The above is a pretty technical way to describe equilibrium and how it works. A much more informal way to illustrate the concept of equilibrium, particularly the above example of two rational actors each having binary choice, is to think about what you might call the "walking toward each other in the high school hallway" scenario.
Suppose two people walk in different directions down a high school hallway (or any other type of area), that only has room for two people width-wise. The two open paths are the binary outcomes. If the two rational actors choose different binary outcomes that don’t conflict with each other, they will pass by each other and say hello. If they choose two conflicting binary outcomes – they’re walking in the same space, and one of them will need to yield.

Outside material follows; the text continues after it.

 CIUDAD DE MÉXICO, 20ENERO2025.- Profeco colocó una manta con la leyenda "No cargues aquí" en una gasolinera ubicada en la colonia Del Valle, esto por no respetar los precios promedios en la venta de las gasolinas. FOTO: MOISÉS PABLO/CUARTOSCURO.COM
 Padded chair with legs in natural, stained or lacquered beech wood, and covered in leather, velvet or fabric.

In the above example, if the two rational actors choose the two compatible and non-conflicting outcomes, the general consensus is that neither one gains by changing their strategy – in this case their walking directions – if the other person does not change theirs.

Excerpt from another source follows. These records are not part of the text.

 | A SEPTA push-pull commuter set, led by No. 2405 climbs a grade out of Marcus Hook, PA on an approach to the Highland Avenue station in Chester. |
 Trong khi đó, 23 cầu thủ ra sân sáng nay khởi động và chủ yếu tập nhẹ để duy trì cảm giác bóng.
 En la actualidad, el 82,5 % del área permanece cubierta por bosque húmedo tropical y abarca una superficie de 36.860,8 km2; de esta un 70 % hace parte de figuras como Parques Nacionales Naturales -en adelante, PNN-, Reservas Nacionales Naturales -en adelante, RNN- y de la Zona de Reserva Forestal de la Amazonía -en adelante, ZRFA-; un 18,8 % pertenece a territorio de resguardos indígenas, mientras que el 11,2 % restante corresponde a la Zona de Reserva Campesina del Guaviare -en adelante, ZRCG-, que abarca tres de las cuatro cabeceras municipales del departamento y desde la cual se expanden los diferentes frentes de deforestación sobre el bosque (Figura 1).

The above constitutes an equilibrium that can be modeled in any given machine learning construct. Given this simple example, the outcome will always be the two rational actors cooperating, or in other words, two people walking past each other.

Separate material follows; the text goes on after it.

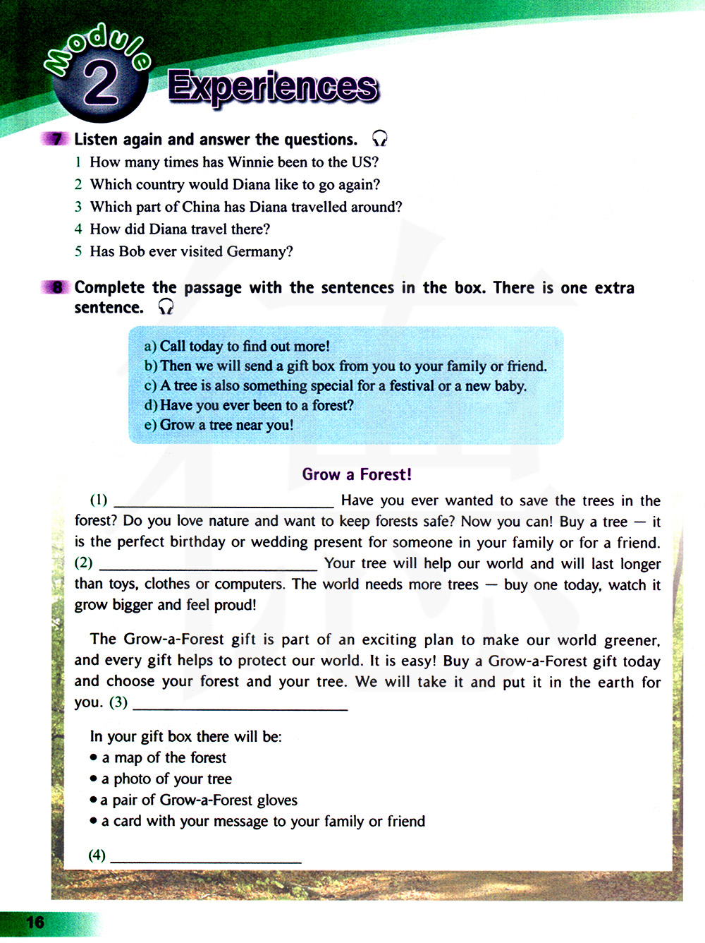 c)一棵树也是庆祝或者新生儿的特别的礼物。 d)你曾经去过森林吗?e)在你的附近种一棵树!

The opposite could be called a "disequilibrium" – if the two rational actors choose conflicting outcomes, as mentioned, one of them will have to yield. However, the ML program modeling this could be thrown into an infinite loop if both decide to yield – much like two people to move to try to accommodate each other and still continue to walk toward collision.
Equilibriums like the one above one will generally be used in machine learning to create consensus and stabilize models. Engineers and developers will look for those scenarios and situations that benefit from equilibriums, and work to change or handle those that don't. Looking at real-world examples that correspond to ML equilibriums, it’s easy to see how this kind of analysis in machine learning system is uniquely instructive for figuring out how to model human behavior by creating rational actors and agents. That's just one excellent example of how an equilibrium can be used to make advances in the application of machine learning systems.